By Steve Gorman
(Reuters) - Crews battling a deadly wildfire that has gutted dozens of homes near California's Big Sur coast looked forward to cooler weather to help them slow the flames on Monday as the blaze raged for an 11th day, burning most heavily in rugged, inaccessible terrain.
The combination of steep, mountainous landscape and extremely hot, dry conditions has hampered efforts to quell the so-called Soberanes Fire, which erupted on July 22 just south of the picturesque ocean side town of Carmel-by-the-Sea.
Carmel itself has remained largely out of harm's way, but the blaze has roared through more than 40,000 acres (16,190 hectares) of drought-parched chaparral, grass and timber in and around the Los Padres National Forest.
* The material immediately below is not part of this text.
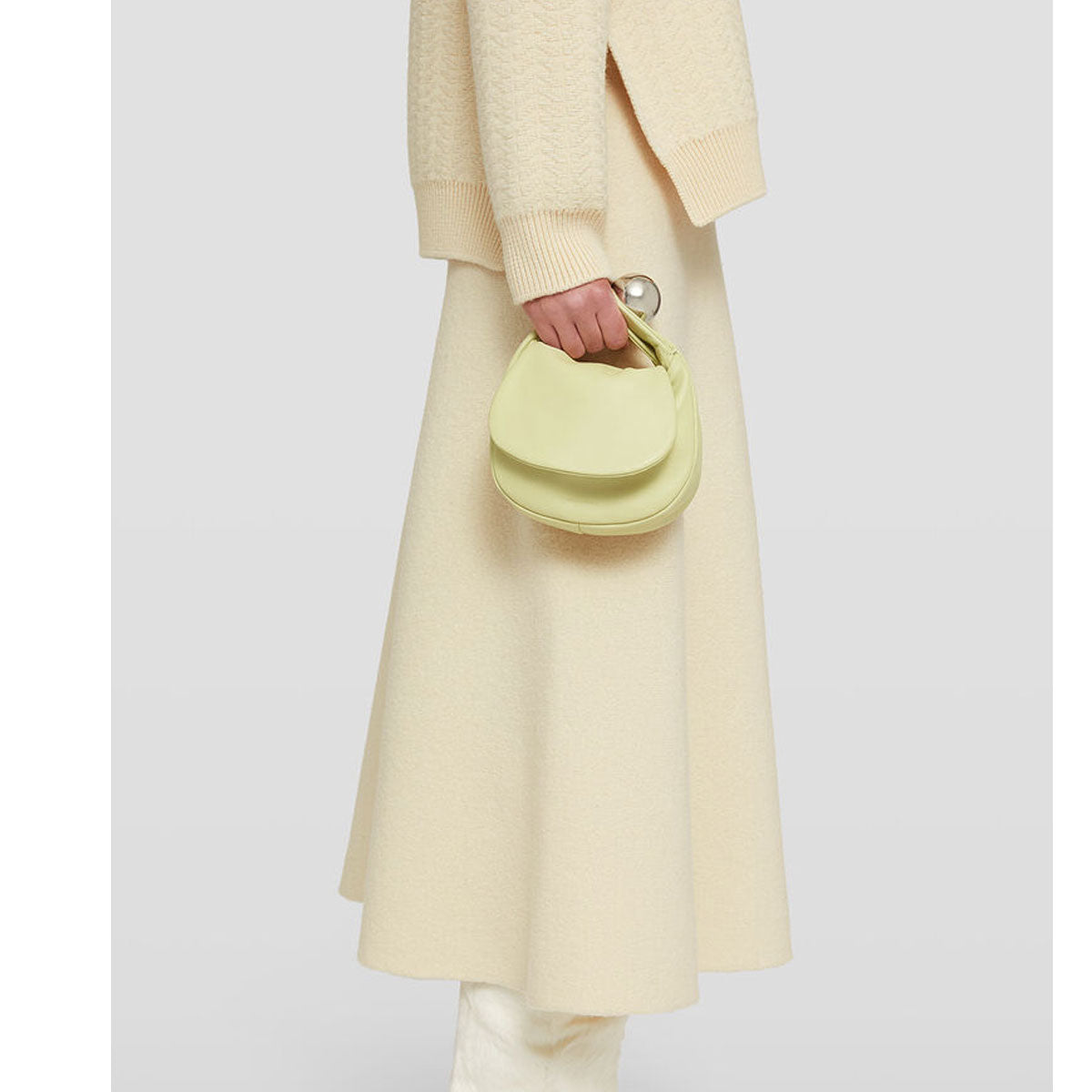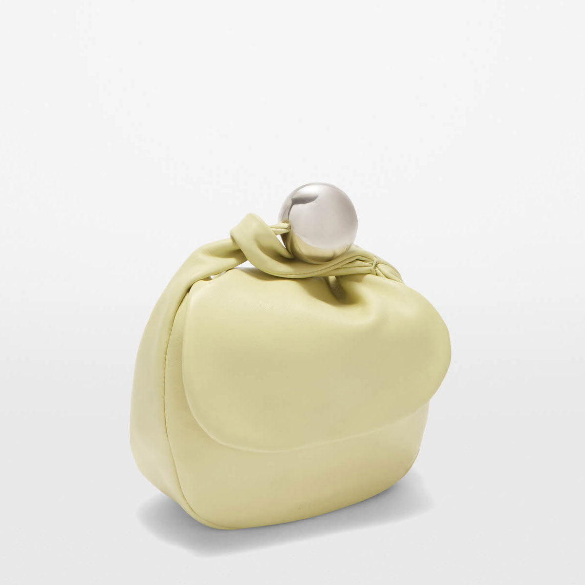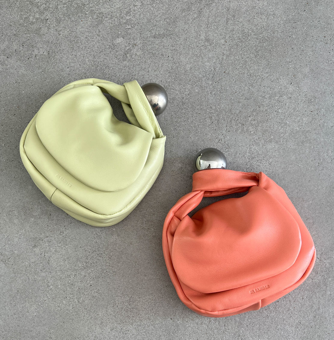 Leather pouch with metal sphere closure and handle detail. Soft body, featuring inner zipped pockets and nappa lining.

A force of nearly 5,300 firefighters has managed to slow the pace of the fire's spread during the past two days. But containment of the blaze - a measure of how much of its perimeter has been cleared by fire crews of unburned vegetation - stood at less than 20 percent on Monday.
As long as crews can keep the fire's growth somewhat in check, "we should get more containment as we go along," said Toni Davis, a spokeswoman for the California Department of Forestry and Fire Protection (Cal Fire).
She added that slightly lower temperatures in the forecast should help that effort, even as some of the heaviest fire has crept into areas largely beyond the reach of ground crews.
Flames have already destroyed 57 homes and 11 outbuildings, with at least five other structures damaged, according to the latest tally. Another 2,000 structures were threatened, with an estimated 350 residents displaced by evacuations.
The fire threat, coming at the height of the region's summer travel season, has prompted the closure of several popular California campgrounds and recreation areas along the northern end of the Big Sur coastline, including Point Lobos State Natural Reserve and Pfeiffer Big Sur State Park.
Officials on Sunday ordered evacuations for the Tassajara Zen Mountain Center in Pfeiffer Big Sur.
The blaze took a deadly turn last Tuesday when a bulldozer operator hired by property owners to help battle the flames was killed when his tractor rolled over. It was the second California wildfire-related death in a week.
Another fire broke out on Saturday in grass and brush about 30 miles (48 km) northeast of Fresno, in central California, and has since charred about 1,800 acres (607 hectares), threatening 400 structures, according to Cal Fire. On Monday, it was listed as 15 percent contained.